# [DATA BELOW]
┄┄┄┄┄┄┄┄┄┄┄┄┄┄┄┄┄┄┄┄

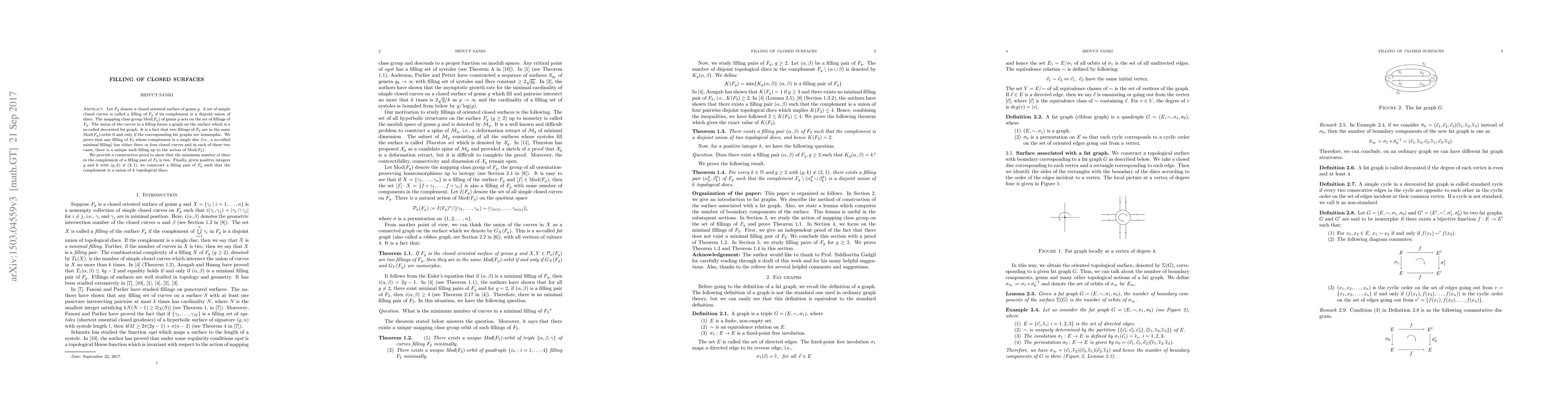 Let $F_g$ denote a closed oriented surface of genus $g$. A set of simple closed curves is called a filling of $F_g$ if its complement is a disjoint union of discs. The mapping class group $\text{Mod}(F_g)$ of genus $g$ acts on the set of fillings of $F_g$. The union of the curves in a filling forms a graph on the surface which is a so-called decorated fat graph. It is a fact that two fillings of $F_g$ are in the same $\text{Mod}(F_g)$-orbit if and only if the corresponding fat graphs are isomorphic. We prove that any filling of $F_2$ whose complement is a single disc (i.e., a so-called minimal filling) has either three or four closed curves and in each of these two cases, there is a unique such filling up to the action of $\text{Mod}(F_2)$. We provide a constructive proof to show that the minimum number of discs in the complement of a filling pair of $F_2$ is two. Finally, given positive integers $g$ and $k$ with $(g, k)\neq (2, 1)$, we construct a filling pair of $F_g$ such that the complement is a union of $k$ topological discs.
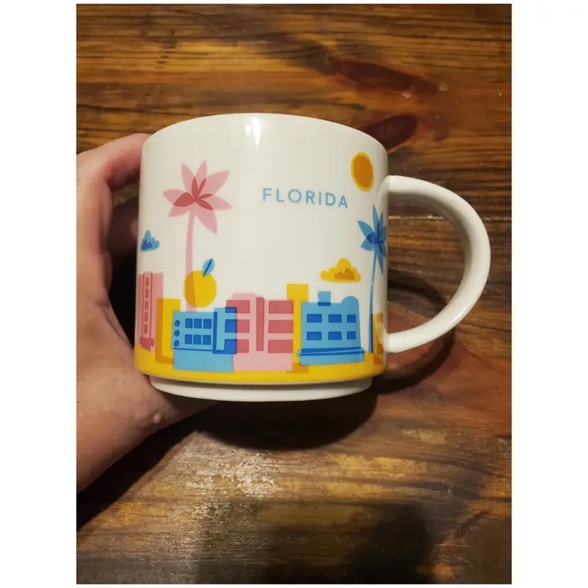 Starbucks You are Here Florida Coffee Mug 2013 Gently preowned No chips or cracks 14 ounces Yellow interior Microwave and Dishwasher safe
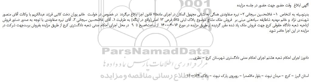 بدینوسیله به اشخاص 1- غلامحسین سیجانی 2- نیره صفاوندی همگی به نشانی مجهول المکان در اجرای ماده75 قانون اجرا ابلاغ میگردد در خصوص در خواست خانم پوران دخت کاتبی فرزند عبدالکریم با وکالت آقای منصور شهبندی نژاد و خانم مهدیه شاطایفه سیادهنی مبنی بر فروش ملک مشاع موضوع پلاک ثبتی 575 فرعی 13 اصلی(واقع در ارنگه) به طرفیت 1. آقای غلامحسین سیجانی 2. آقای نیره صفاوندی با توجه به صدور دستور فروش ازناحیه شعبه دادگاه حقوقی کرج جهت فروش ملک یاد شده مقرر گردیده از طریق مزایده در مورخ 16-4-1400 از ساعت8صبح تا 9 در محل اجرای احکام مدنی شعبه دادگستری کرج از طریق مزایده بفروش برسدجهت شرکت در مزایده در این اجرا حاضر شوید

┄┄┄┄┄┄┄┄┄┄┄┄┄┄┄┄┄┄┄┄

# [WHAT YOU ARE ASKED TO DO]
Quote the data above in full and without alteration; skip the pictures.

# [ANSWER BELOW]
 Let $F_g$ denote a closed oriented surface of genus $g$. A set of simple closed curves is called a filling of $F_g$ if its complement is a disjoint union of discs. The mapping class group $\text{Mod}(F_g)$ of genus $g$ acts on the set of fillings of $F_g$. The union of the curves in a filling forms a graph on the surface which is a so-called decorated fat graph. It is a fact that two fillings of $F_g$ are in the same $\text{Mod}(F_g)$-orbit if and only if the corresponding fat graphs are isomorphic. We prove that any filling of $F_2$ whose complement is a single disc (i.e., a so-called minimal filling) has either three or four closed curves and in each of these two cases, there is a unique such filling up to the action of $\text{Mod}(F_2)$. We provide a constructive proof to show that the minimum number of discs in the complement of a filling pair of $F_2$ is two. Finally, given positive integers $g$ and $k$ with $(g, k)\neq (2, 1)$, we construct a filling pair of $F_g$ such that the complement is a union of $k$ topological discs.
 Starbucks You are Here Florida Coffee Mug 2013 Gently preowned No chips or cracks 14 ounces Yellow interior Microwave and Dishwasher safe
 بدینوسیله به اشخاص 1- غلامحسین سیجانی 2- نیره صفاوندی همگی به نشانی مجهول المکان در اجرای ماده75 قانون اجرا ابلاغ میگردد در خصوص در خواست خانم پوران دخت کاتبی فرزند عبدالکریم با وکالت آقای منصور شهبندی نژاد و خانم مهدیه شاطایفه سیادهنی مبنی بر فروش ملک مشاع موضوع پلاک ثبتی 575 فرعی 13 اصلی(واقع در ارنگه) به طرفیت 1. آقای غلامحسین سیجانی 2. آقای نیره صفاوندی با توجه به صدور دستور فروش ازناحیه شعبه دادگاه حقوقی کرج جهت فروش ملک یاد شده مقرر گردیده از طریق مزایده در مورخ 16-4-1400 از ساعت8صبح تا 9 در محل اجرای احکام مدنی شعبه دادگستری کرج از طریق مزایده بفروش برسدجهت شرکت در مزایده در این اجرا حاضر شوید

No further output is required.